В центре площади, на высоком палаческом помосте была навалена куча дров, задрапированная тёмносиним бархатом. Так же на площади висели синие флаги поминовения. Разумеется, Король всю жизнь позиционировал себя как истинно верующего, но тут церковники согласились с магами, что ну его нафиг, лучше уж пусть он будет сожжен, нежели просто погребен в склепе по христианскому обычаю. Все чего то опасались, чего непонятно, но страх тонкой струйкой лился за шиворот, вымораживая позвоночник; выстуживал голову и проваливался глубоко внутрь, оставляя неприятную сухость во рту.
* * *
— Король умер!

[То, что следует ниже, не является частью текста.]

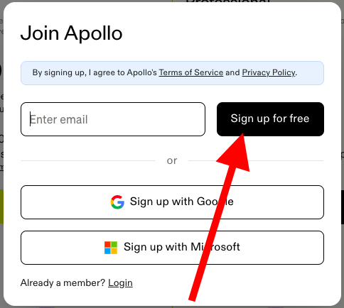 Go to the official Apollo.io website by clicking the “SHOW COUPON” button above or directly navigating to Apollo.io.
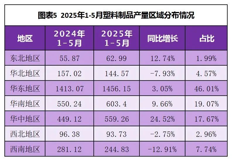1-5月,華東地區以1456.15萬噸的產量位居榜首,占總產量的46.01%,顯示出其在塑料制品生產方面的絕對優勢。東北地區產量為62.99萬噸,占總產量的1.99%,是產量最低的區域。華東、華南和華中地區合計占總產量的82.75%,是塑料制品生產的主要集中地。

Да здравствует королева! — трижды прокричали герольды с главной башни. Королевская чета, вернее, новая регентская чета, стояла обнявшись у окна и смотрела на просыпающийся город. Сзади негромко кашлянули, двое оглянулись — изящная фигура в траурном черном костюме, легко склонилась в поклоне.
— Мауни, — прозвучала констатация факта.